*Materials provided:*
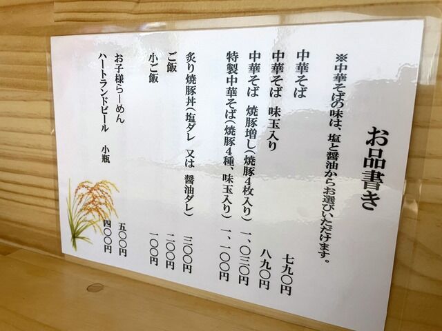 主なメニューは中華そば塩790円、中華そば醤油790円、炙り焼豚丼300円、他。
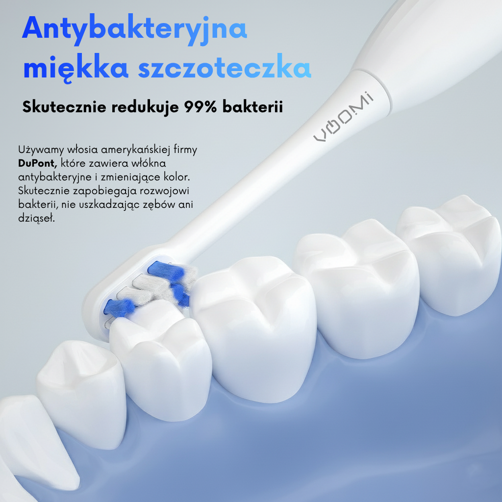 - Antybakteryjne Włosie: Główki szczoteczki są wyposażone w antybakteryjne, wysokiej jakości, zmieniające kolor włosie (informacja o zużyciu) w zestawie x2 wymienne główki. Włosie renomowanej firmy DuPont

---

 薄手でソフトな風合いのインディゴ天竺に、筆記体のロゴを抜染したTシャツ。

*Assignment:* Output only the lines above from the one containing "主なメニューは中華そば塩79" to the one containing "- Antybakteryjne Włosie: Główki", both included, exactly as written and with no pictures.

*Output of the task:*
 主なメニューは中華そば塩790円、中華そば醤油790円、炙り焼豚丼300円、他。
 - Antybakteryjne Włosie: Główki szczoteczki są wyposażone w antybakteryjne, wysokiej jakości, zmieniające kolor włosie (informacja o zużyciu) w zestawie x2 wymienne główki. Włosie renomowanej firmy DuPont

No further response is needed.